IBJ Reports Fishers Looking to Fund Growth with Tax Hike

From the Indianapolis Business Journal:

The clock is ticking on Fishers’ proposal to impose a 1-percent food-and-beverage tax to fund economic development in the fast-growing suburb.

State lawmakers agreed earlier this year to allow the town to collect the extra penny as it works to reinvent its uninspiring downtown, but officials must pull the trigger on the tax hike by Dec. 31.

Town Council President John Weingardt said it’s far from a done deal, even though local leaders asked the Legislature to authorize the move.

“It is important that we as a council step back and let the public tell us what they want,” he said. “We still have to represent our constituents.”

To that end, two public hearings are scheduled before the council’s December vote: Residents and business owners can share their thoughts Nov. 12 at a special meeting or Nov. 18 during a regular council confab. All correspondence and phone messages also will be shared with members.

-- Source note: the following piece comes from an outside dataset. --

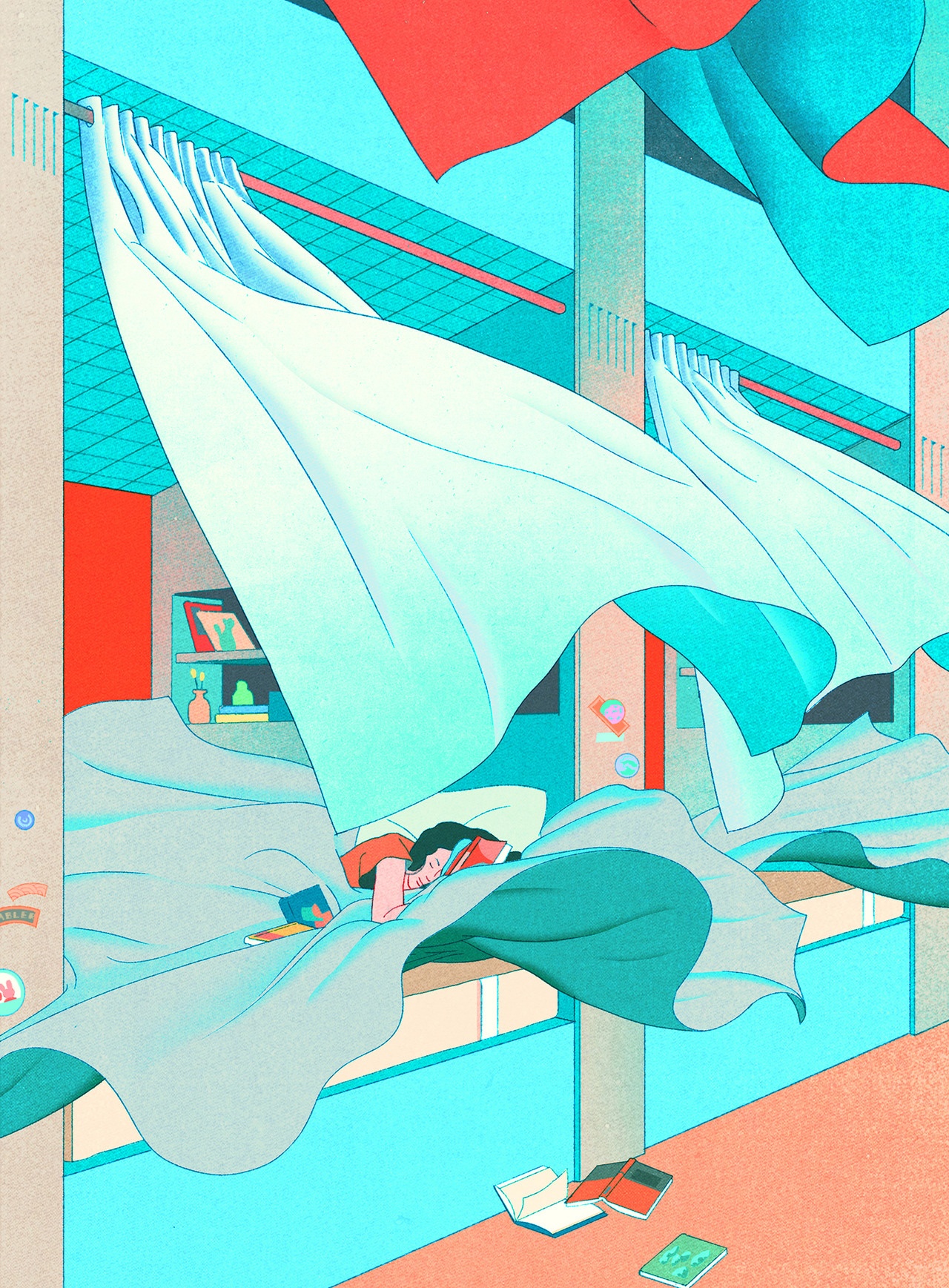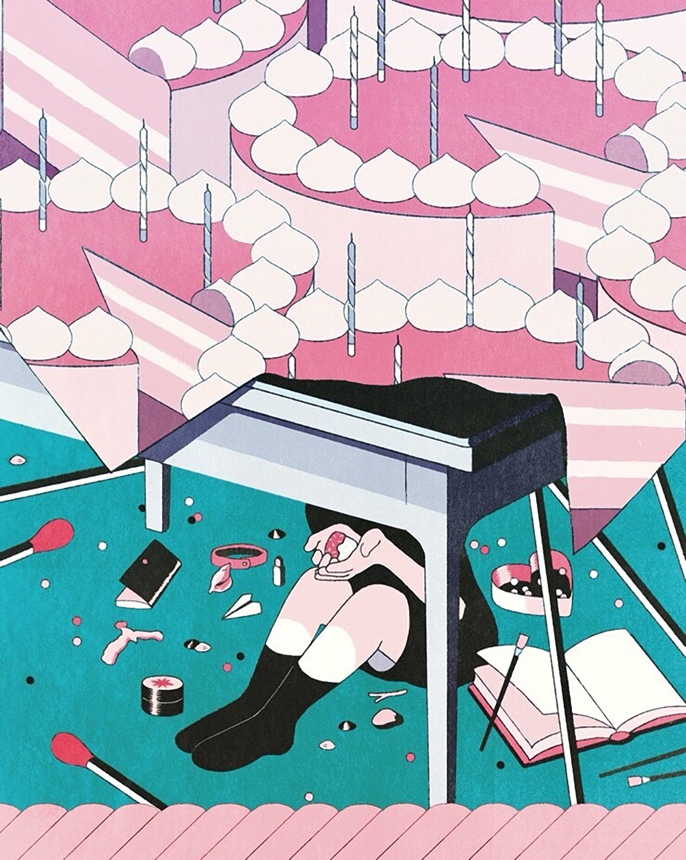 Quando cerca l’ispirazione l’illustratrice coreana immagina di camminare sospesa. In questa dimensione onirica in cui tutto è leggero e possibile prendono vita illustrazioni fatte di linee sottili e colori luminosi. Il suo obiettivo è raggiungere quella che l’autrice stessa definisce la “bellezza irreale” e trasportarci in una dimensione indipendente dalla realtà quotidiana, facendoci rivivere quel senso di meraviglia che dono un bambino è in grado di provare nei confronti del mondo che lo circonda.

Although raising taxes is rarely a popular idea, Fishers is embarking on an ambitious—and expensive—downtown redevelopment plan intended to spur commercial investment in the community.

The town turned over publicly owned land and agreed to pay for a parking garage at The Depot, a $42 million mixed-use project now being built along 116th Street, for example, and its redevelopment commission has been buying and bundling private property to make it more attractive to developers.

Officials also are working on several other projects expected to bring businesses (and their employees) to the town center, but no details have been made public during the talks.

“It’s a timing issue. These deals run at their own speed,” said Weingardt, who told IBJ in May that the tax-hike might be difficult to approve without “an economic development deal to hang it on.”